Independent analyses indicate that among the major energy suppliers in Germany, E.ON is one of the market leaders for customer satisfaction. At the same time, E.ON offers its customers innovative solutions with superior value. An increasing number of customers want precise, rapid information that helps them reduce their energy consumption. In the UK, E.ON has partnered with Opower to launch an online 'Saving Energy Toolkit'. Over half a million E.ON UK customers have used the online tool, which compares their energy usage to other customers' homes in their local area. In Sweden, E.ON is offering 120,000 households a free smart electricity meter, which will enable its customers to use their smart phone to monitor their energy usage and costs.

Mr. Teyssen also commented on the company's industrial and commercial business which is also gaining momentum. The spectrum of individual, custom-tailored solutions extends from an on-site power and heat supply for the Albert Friedrich paper mill in Miltenberg in southeast Germany, to a global energy management service for major British retailer Marks & Spencer. The retailer aims to halve the energy consumption of its 850 locations worldwide and to make its entire energy supply zero-carbon by 2020. Via data links, the E.ON Energy Management Center now remotely optimizes Marks & Spencer's entire energy supply.

E.ON is also making progress optimizing its organization. The company completed a fundamental transformation of its energy sales business in Germany, which now consists of a single, centrally managed nationwide sales organization. The organization remains close to its customers through its local offices at locations around the country.

In addition, E.ON recently started the process of combining its conventional generation and renewables businesses. The new entity will have a leaner organization and processes, which enhance the competitiveness of E.ON's generation business and opens up new commercial prospects.

Independently of this, the company's E.ON 2.0 program has enabled it to significantly reduce its controllable costs, simplify its organization, and make hundreds of processes more efficient.

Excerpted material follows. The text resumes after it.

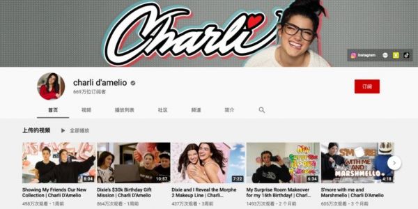 查莉今年也开始在YouTube上发布Vlog视频。她在TikTok积累起的名气和号召力,让跨平台创作变得轻而易举,查莉仅用12个视频就收获了近670万YouTube粉丝。而她的Instagram账号粉丝也有近3000万。
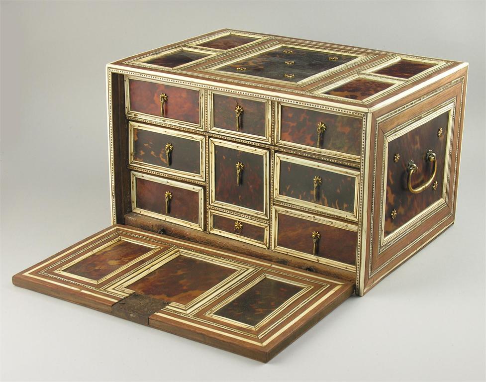 An 18th Century Indo-Portugese tortoiseshell, ivory and rosewood table cabinet, with gilt metal mounts, the fall revealing an arrangement of seven drawers, 9.25in (23.4cm) h, 15.25in (38.6cm) w, 11in (28cm) d

In the four years through to 2015, E.ON will have reduced its controllable costs by €1.3 billion on a net basis. The company achieved €700 million in cost savings in 2013 alone, €100 million more than planned.

These measures play an important role in helping E.ON deal with its difficult business environment. As an example of this, in his speech, Mr. Teyssen outlined the further decline of wholesale power prices and low capacity utilization of the company's power plants in Europe. He announced that E.ON will continue to take decisive countermeasures. These include temporarily or permanently withdrawing generating units that cannot be operated profitably in the current regulatory and business environment. So far, E.ON has decided to shut down assets with an aggregate capacity of 13 gigawatts, which is more than one quarter of its conventional generation fleet in Europe. In this context, Teyssen said that it is surprising that conventional generating units are tacitly and, as a matter of course, planned for use as reserve capacity but without appropriate compensation being provided for them. The value of these conventional assets was recently demonstrated on dark and windless winter days when renewables provided just 5 percent of Germany's power demand.

E.ON does not anticipate any significant turnaround in European energy markets in 2014. The company believes that this situation confirms that it was right to pursue a strategy of acting early to improve its competitiveness and at the same time tapping into new growth markets. Mr. Teyssen affirmed E.ON's earnings forecast for 2014, which calls for EBITDA of €8 to €8.6 billion and underlying net income of €1.5 to €1.9 billion.

In view of the decline in underlying net income, E.ON is paying a dividend of €0.60 per share for 2013 and is therefore, as in recent years, paying out to shareholders between 50 and 60 percent of underlying net income. In addition, for the first time E.ON is offering its shareholders the option of exchanging the cash dividend partially into E.ON shares.

This press release may contain forward-looking statements based on current assumptions and forecasts made by E.ON Group management and other information currently available to E.ON. Various known and unknown risks, uncertainties and other factors could lead to material differences between the actual future results, financial situation, development or performance of the company and the estimates given here. E.ON does not intend, and does not assume any liability whatsoever, to update these forward-looking statements or to conform them to future events or developments.